Sunday, April 25th, 2010

By definition, the expected value of a one in five chance of winning $10 dollars is worth $2 ($10/5). But to human beings, with our finite life spans and our asymmetric financial needs, a one in a million chance of $1,000,000 is not necessarily worth $1, it might be worth more.

Lottery tickets cost far, far more than their expected value. The amount you would win times the probability of you winning is pretty close to zero. They are, as far as expected value goes, practically worthless.

But despite what Adam Smith says, buying lottery tickets is not necessarily a bad idea. They’re vastly overpriced, but unless I’m already rich the difference winning $1,000,000 would make to my life is worth far more than the extra $1 I’m getting charged for my ticket.

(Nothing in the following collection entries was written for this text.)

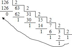 Осуществим перевод числа 12610 в систему с основанием 2:
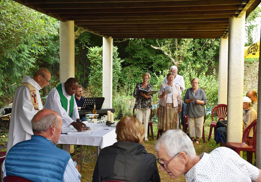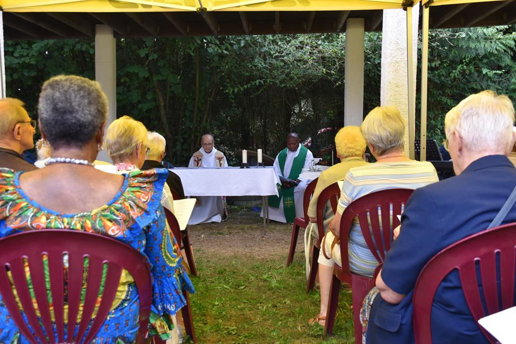 Une partie des personnes présentes a ensuite pu vivre l’eucharistie dans le jardin de la maison des martyrs. L’abbé Étienne Mayence avait 6 ans quand son papa a été abattu dans cette rue du grand Charleroi. Aux côtés de l’abbé Thaddée Kumakinga, responsable de l’unité pastorale de Courcelles, c’est avec beaucoup de simplicité et d’émotion qu’il célèbre la messe.
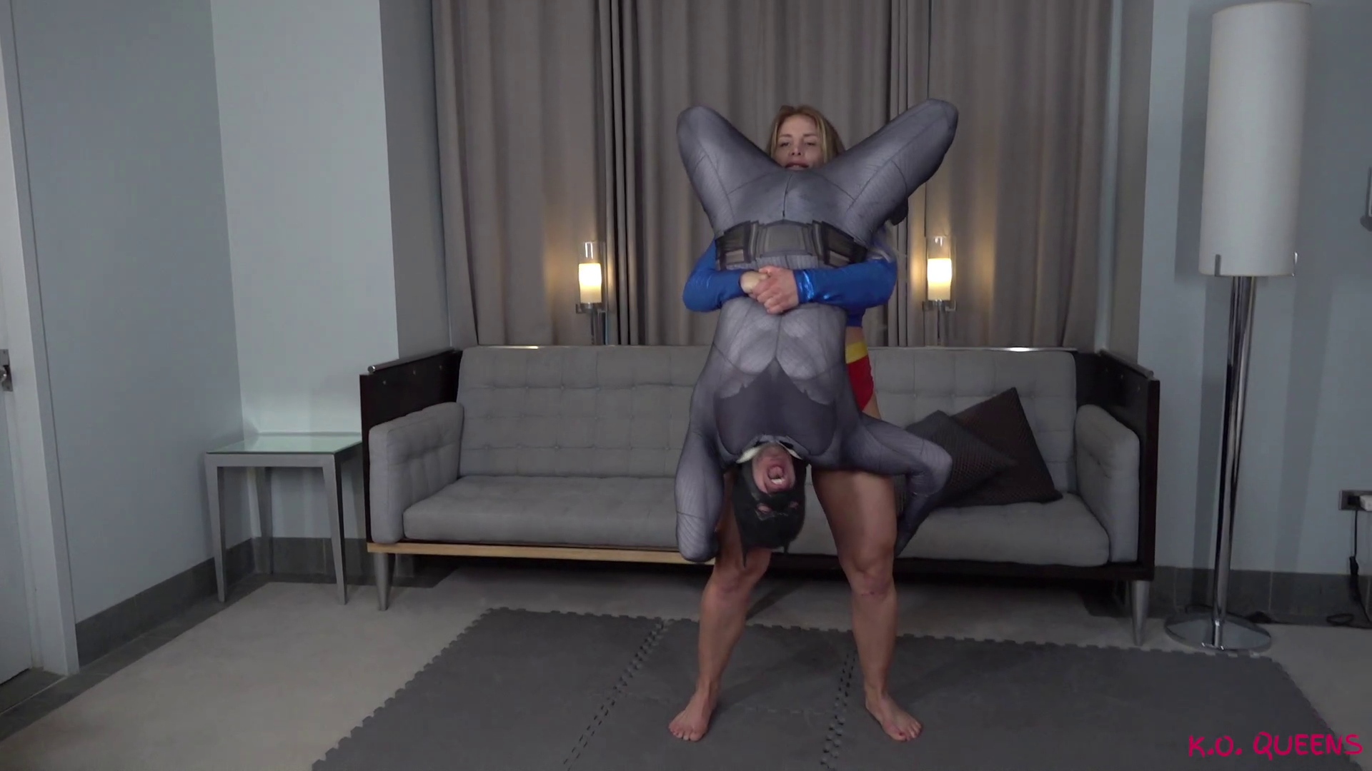 Super Sheens laughs at how effortlessly she inflicts pain on the masked hero as she steps on his balls then sits on his face. She says that instead of kicking him out of “her city” she will use him as her throne! A reverse headscissors adds to the punishment as it looks like the bat has been KOd. She taunts him more then proceeds to take his cape and use it against him! Super Sheena puts his cape on then elbow drops on his back.
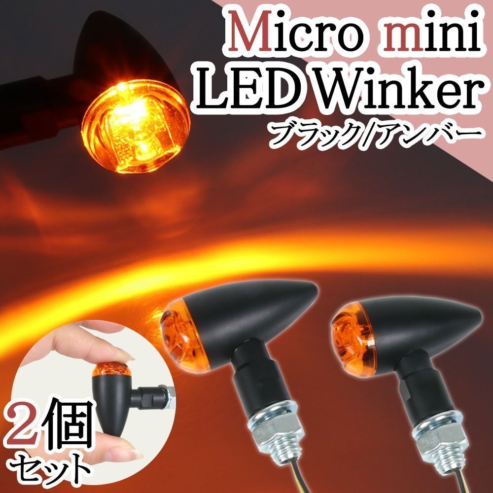 > マイクロ ミニ LED ブレット ウインカー 弾丸型 超小型 車検対応 ブラックボディ アンバーレンズ CB125R 400X モンキー VTZ250 CL400

Given the choice between $2 and a one in a million chance of a million dollars, I know which choice is more exciting. The poorer I am the more enticing that is. (If I’m well off I have many more, and better, opportunities to make money.)

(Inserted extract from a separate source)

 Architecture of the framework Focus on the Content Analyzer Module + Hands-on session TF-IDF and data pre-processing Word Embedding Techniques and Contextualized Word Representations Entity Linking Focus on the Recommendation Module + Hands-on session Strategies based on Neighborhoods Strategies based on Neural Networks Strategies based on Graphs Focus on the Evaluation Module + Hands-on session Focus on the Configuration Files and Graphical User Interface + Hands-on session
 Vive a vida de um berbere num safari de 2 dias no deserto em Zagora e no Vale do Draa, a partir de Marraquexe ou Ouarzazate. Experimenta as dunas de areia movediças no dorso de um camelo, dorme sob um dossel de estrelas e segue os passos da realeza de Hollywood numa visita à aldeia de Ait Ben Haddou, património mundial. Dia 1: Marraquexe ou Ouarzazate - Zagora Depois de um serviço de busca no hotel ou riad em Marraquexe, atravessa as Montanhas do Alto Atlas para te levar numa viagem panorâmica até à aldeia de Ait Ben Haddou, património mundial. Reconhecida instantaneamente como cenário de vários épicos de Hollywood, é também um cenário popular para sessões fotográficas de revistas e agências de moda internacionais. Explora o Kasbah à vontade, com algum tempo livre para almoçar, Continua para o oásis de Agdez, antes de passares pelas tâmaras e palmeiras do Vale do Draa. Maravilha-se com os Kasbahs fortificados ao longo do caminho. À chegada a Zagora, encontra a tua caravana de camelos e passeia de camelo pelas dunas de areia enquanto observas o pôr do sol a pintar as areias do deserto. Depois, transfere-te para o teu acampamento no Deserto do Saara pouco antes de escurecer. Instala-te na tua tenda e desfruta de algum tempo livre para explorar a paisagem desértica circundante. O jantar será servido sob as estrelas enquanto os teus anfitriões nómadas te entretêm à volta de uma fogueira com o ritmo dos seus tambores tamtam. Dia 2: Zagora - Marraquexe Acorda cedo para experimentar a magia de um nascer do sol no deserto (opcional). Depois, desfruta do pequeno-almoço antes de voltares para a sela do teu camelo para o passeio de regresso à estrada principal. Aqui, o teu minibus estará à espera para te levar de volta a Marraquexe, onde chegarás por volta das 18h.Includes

The injustice of lotteries is that they exploit the perfectly natural assumption that if buying one ticket is a good idea buying 20 is 20 times better. But Adam Smith is right again: buying all the tickets would guarantee that you won the lottery and lost a fortune.

Lotteries are not a tax on stupidity, they are a tax on poverty and lack of opportunity that exploits an almost universal miscalculation of the effects of scale on risk and value.

They are a lousy form of taxation. If you want more money for schools, roads or, cultural institutions, then raise taxes, or issue bonds. Don’t fund opera from lotteries, that way poor people pay for things they can’t afford to enjoy.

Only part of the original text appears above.